To grasp the point of the generative theory of tonal music it is important to distinguish two kinds of hierarchy. A generative hierarchy is one in which structures at the level of perception are generated from structures at the ‘higher’ level by a series of rule-governed transformations. Perceivers understand the lower level structures by unconsciously recuperating the process that created them, ‘tracing back’ what they see or hear to its generative source. By contrast a cumulative hierarchy is one in which perceived structures are repeated at different temporal or structural levels, but in which it is not necessary to grasp the higher level in order to understand the lower. For example, in classical architecture, a columniated entrance might be contained within a façade that exactly replicates its proportions and details on a larger scale. Many architectural effects are achieved in that way, by the ‘nesting’ of one aedicule within another, so that the order radiates outwards from the smallest unit across the façade of the building. This is not an instance of ‘generative’ grammar in the sense that this term has been used in linguistics, but rather of the amplification and repetition of a separately intelligible design. It is true that the order of such a façade is generated by a rule, namely ‘repeat at each higher scale’. But we understand each scalar level in the same way as every other. You recognise the pattern of the entrance; and you recognise the same pattern repeated on a larger scale in the façade. Neither act of recognition is more basic than the other, and neither depends on the other. In The Aesthetics of Music[10] I argue that many of the hierarchies discerned in music, notably the rhythmic hierarchies described by Cooper and Meyer[11], are cumulative rather than generative, and therefore not understood by tracing them to some hypothetical ‘source’. In the case of rhythm there are generative hierarchies too, as was shown by Christopher Longuet-Higgins, writing at about the same time as Cooper and Meyer. But it seems to me that, in the haste to squeeze music into the framework suggested by linguistics, writers have not always been careful to distinguish the two kinds of hierarchy. Music, in my view, is more like architecture than it is like language, and this means that repetition, amplification, diminution and augmentation have more importance in creating the musical surface than rule-guided transformations of some structural ‘source’.
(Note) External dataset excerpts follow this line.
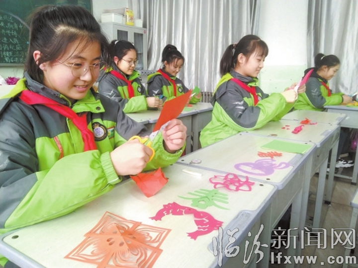 图④为临汾市逸夫育英小学六(3)班的学生正在体验剪纸。
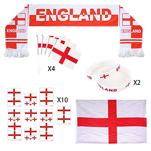 • KingShark World Cup 2018 Set, Football Suit Fans Scarf, England, Hand Held Flags, Big National Flag, Tattoo Stickers, Silicone Wristbands, Party Club Bar Decorations Festival Celebration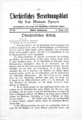 Oberhirtliches Verordnungsblatt für das Bistum Speyer, 2. August 1914

The place of semantics in the generation of surface syntax is disputed among linguists, and Chomsky has not adhered to any consistent view in the matter. As a philosopher, however, influenced by a tradition of thinking that reaches from Aristotle to Frege and Tarski and beyond, I would be surprised to learn that deep structure and semantics have no intrinsic connection. Language, it seems to me, is organised by generative rules not by chance, but because that is the only way in which it can fulfil its primary function, of conveying information. Deep structures must surely be semantically pregnant if the generative syntax is to shape the language as an information-carrying medium – one in which new information can be encoded and received. Without semantically pregnant deep structure language would surely not be able to ‘track the truth’, nor would it give scope for the intricate question-and-answer of normal dialogue. A syntax that generates surface structures from deep structures is the vehicle of meaning, and that is why it emerged.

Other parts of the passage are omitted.